Sofjan mengatakan, foto itu diambil saat mereka tengah dalam penerbangan panjang dari Jakarta menuju Mongolia. Dalam posisi normal, mereka duduk terpisah satu sama lain. Sulit bagi mereka untuk bisa berdiskusi.
Oleh karena itu, JK mengajak seluruh rekannya itu untuk duduk di lantai. “Kami tahu itu kan sebenarnya bahaya, tidak diperbolehkan juga, tetapi karena Pak JK yang minta maka kami ikut saja,” kata Sofjan.
Menanggapi hal itu, JK pun berkelakar. “Itu kan sedang membicarakan urusan negara, makanya risiko kami kesampingkan,” katanya sambil tertawa.
Fleksibel
Menurut Syafruddin, sejumlah petugas yang bekerja untuk JK memang harus menyesuaikan diri. Mereka tak bisa berlaku kaku, tetapi harus fleksibel. JK yang identik dengan gaya kerja cepat memang kerap melakukan hal-hal nyeleneh yang tidak terpikirkan oleh orang lain.

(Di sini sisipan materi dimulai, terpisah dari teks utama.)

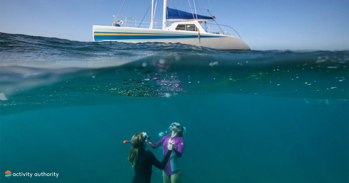 A full day on the water requires some fuel. Breakfast includes a healthy spread of scrambled eggs with veggies, assorted fruit, and pastries. Juice, coffee, and tea are also on offer to help get you through the early morning start. Lunch is a complete deli-style buffet, served up alongside pasta salad and veggie platters with hummus and spinach dip. Beverages are also available. Alcoholic beverages are available for purchase after snorkeling.
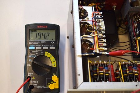 ヒーター電圧です。 16.78Vでかなり低い値です。ここは15Vを切るとTelefunkenの真空管は動作しません。通常は19.8Vです。
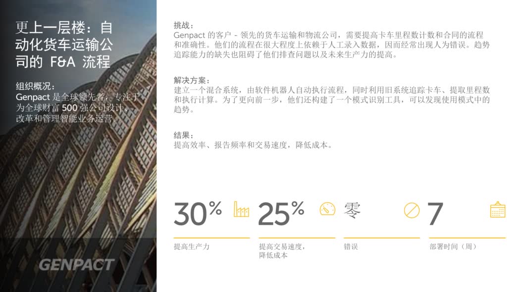 在未来若干年内,最高 25% 的银行业务流程有可能实现自动化。RPA 可以帮助您的组织扩大规模,提升客户体验。利用数字化劳动力,全天候 24 小时解决客户需求。
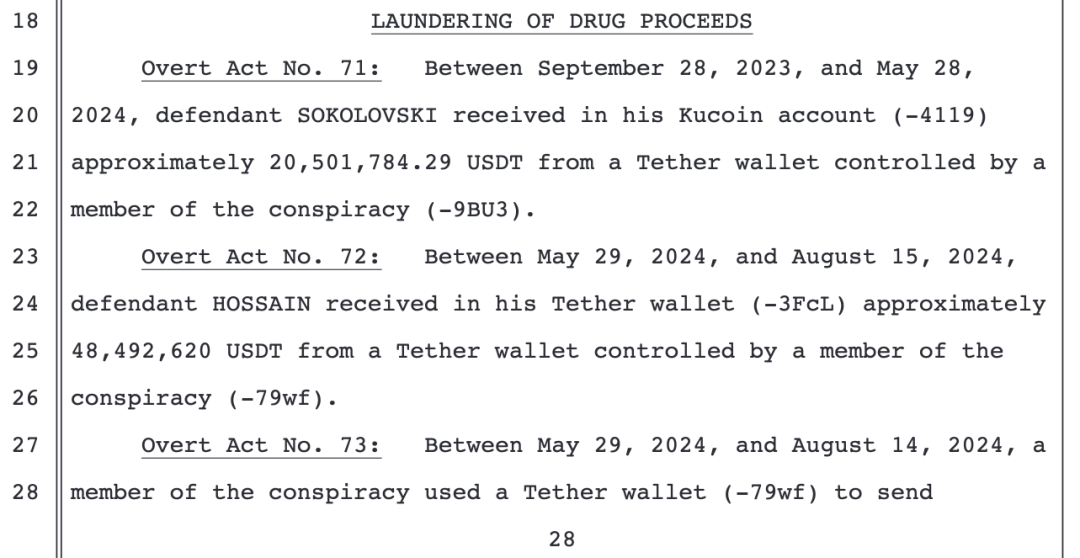 第71项公开行为:2023年9月28日至2024年5月28日期间,被告人索科洛夫斯基在其库币(Kucoin)账户(-4119)中,收到来自该犯罪团伙某成员控制的泰达币钱包(-9BU3)转入的约20,501,784.29 USDT。
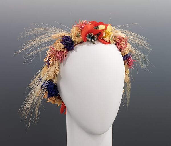 The ever fashionable Millicent Rogers was a client of both high end and mainstream fashion. Having homes in both the United States and Europe, she took great interest in the cultures around her, incorporating their traditions and styles into her dress. The headband featured here is a wonderful example, for it is reminiscent of European head wreaths that were worn as a part of traditional folk costume.
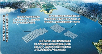 开工仪式现场,随着吊车“手臂”不停地舞动,一块块光伏板被组装到钢平台上。每一榀钢平台长60米、宽36米,由658块光伏板组成。“组装好的钢平台将装船出海,运输到指定海域安装,项目海上部分需要安装1678榀这样的钢平台。”中电建新能源山东分公司海上事业部主任付德光说,项目预计2025年3月30日首批并网发电,2025年8月30日全容量并网发电。整个项目建成后,预计年均可提供约19.2亿度发电量、年均产值约7.2亿元,每年可减少二氧化碳排放量约170万吨。
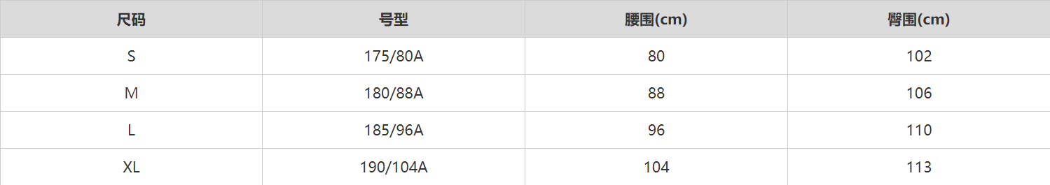 尺码信息
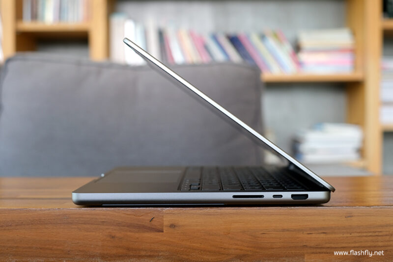 อย่างที่เคยได้กล่าวไปไปในรีวิว MacBook Pro รุ่น 16 นิ้ว ชิป M1 Max ว่าในปี 2021 ที่ผ่านมา ทาง Apple ได้ทำการปรับโฉม MacBook Pro ใหม่ มีการดีไซน์ในช่วงยุคปี 2008 กลับมาใช้งาน ทำให้ตัวเครื่องที่มีความหนาและโค้งมนขึ้นกว่าแบบเดิม ฝาด้านนอกจะมีโลโก้ Apple ที่ยังคงเป็นแบบทึบ มีความแวววาว ซึ่งดีไซน์ของฝาก็มีขอบที่มีความโค้งและหนาขึ้นแบบชัดเจน สำหรับสีที่ทีมงานได้มาทดสอบก็คือ สีเทาสเปซเกรย์ ซึ่งจะมีสีเงินให้เลือกเพิ่มเติม
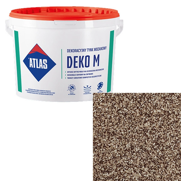 Deko M jest specjalnie przygotowaną linią tynków mozaikowych, opartych na nowoczesnej bazie składającej się z mieszanki wodnych dyspersji akrylowych, środków hydrofobizujących, dodatków modyfikujących oraz specjalnie wyselekcjonowanych kruszyw naturalnych i barwionych.
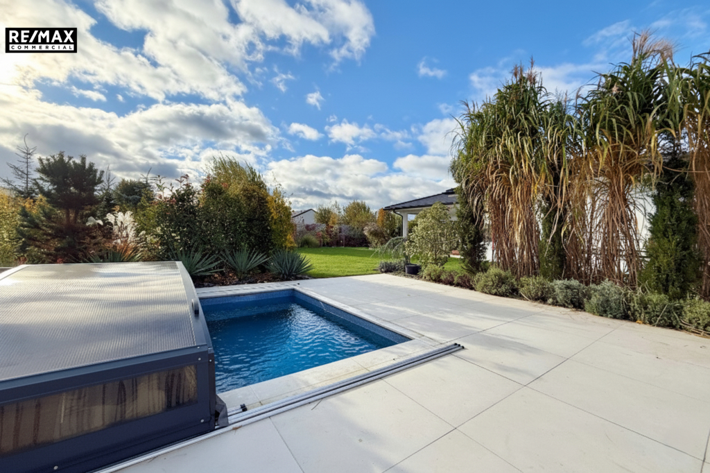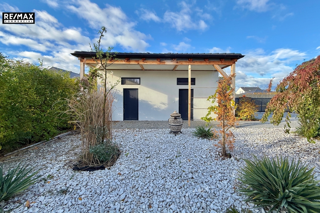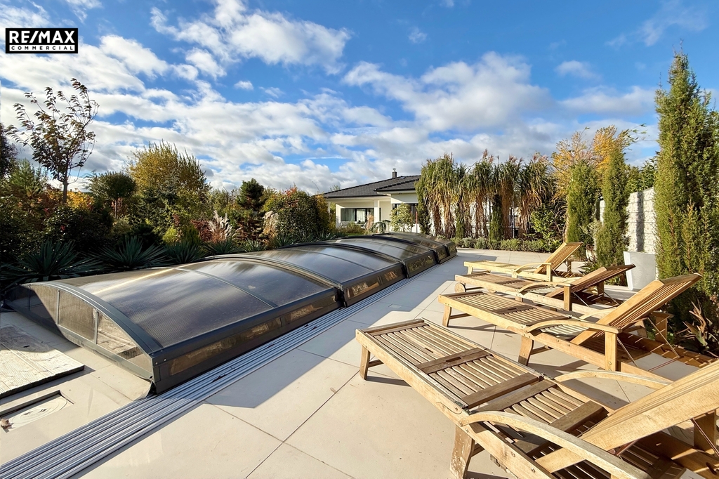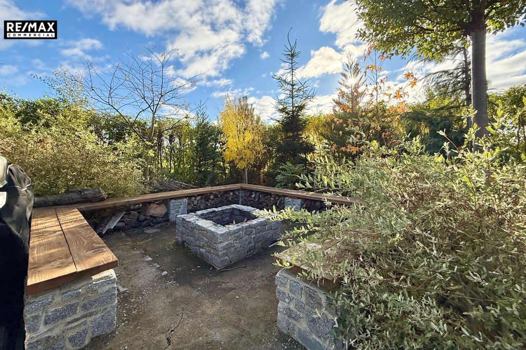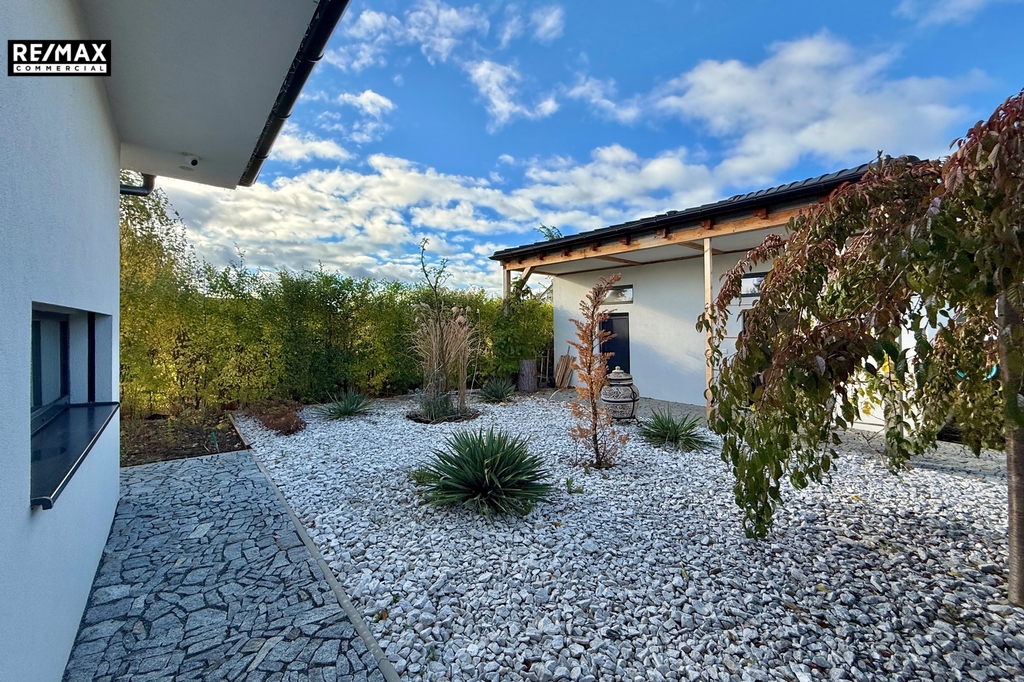• Zahrada jako oáza klidu – pečlivě udržovaná zeleň, kamenné ohniště, bazén s krytím a terasy. Oplocení a vzrostlá zeleň vytváří naprosté soukromí. Část zahrady je upravená v japonském stylu, kde se můžete ztratit před zraky rodiny a relaxovat.

Selain itu, JK merupakan sosok yang adil dan obyektif. Meski kerap ditegur dan didebat oleh Syafruddin, hal itu tidak memengaruhi pandangan dan penilaiannya terhadap sang ajudan. Hubungan mereka tetap baik, bahkan hingga keduanya sudah tak bekerja dalam satu tempat.
“Justru karena saya berani (menegur Pak JK), saja jadi ajudan beliau terus sampai sekarang,” kata Syafruddin yang pernah menjabat sebagai Wakil Kapolri dengan berpangkat Komisaris Jenderal sebelum ditunjuk sebagai Menpan dan RB pada 2018.
Masih diperlukan
Meski sudah tidak menjabat sebagai wapres, banyak pihak memandang bahwa JK masih diperlukan dalam pembangunan negara. Terkait hal itu, Solihin, putra JK, mengatakan, akan terus mendukung ayahnya.
Sebab, keinginan untuk memajukan masyarakat dan negara merupakan cita-cita JK bahkan sebelum menjadi pejabat negara. “Ketika masih menjadi pengusaha pun ia selalu menggunakan tagline maju bersama. Beliau selalu ingin semua maju, bangsa maju,” kata Solihin.
Sebelumnya, JK yang tahun ini berusia 77 tahun itu mengungkapkan, masih bersedia bekerja untuk masyarakat. Ia ingin bekerja untuk meningkatkan pendidikan, kemampuan teknologi, dan kemanusiaan. “Walaupun tentu akan bersinggungan dengan politik, saya tak akan ikut politik praktis,” kata JK (Kompas, 20/10/2019).
Ada kemungkinan JK akan aktif dalam bidang perdamaian. Sebab, ia mengakui, telah menerima pesan dari Presiden Afghanistan Ashraf Ghani yang disampaikan melalui Duta Besar Afghanistan untuk Indonesia agar dirinya, dalam posisi apapun, ikut berpartisipasi dalam upaya perdamaian Afghanistan.
“Mungkin dalam waktu-waktu yang akan datang saya akan berkunjung lagi ke sana, memberikan alternatif-alternatif baru mencapai perdamaian,” kata JK yang berperan dalam mendamaikan sejumlah konflik di antaranya di Aceh; Poso, Sulawesi Tengah; dan Ambon, Maluku.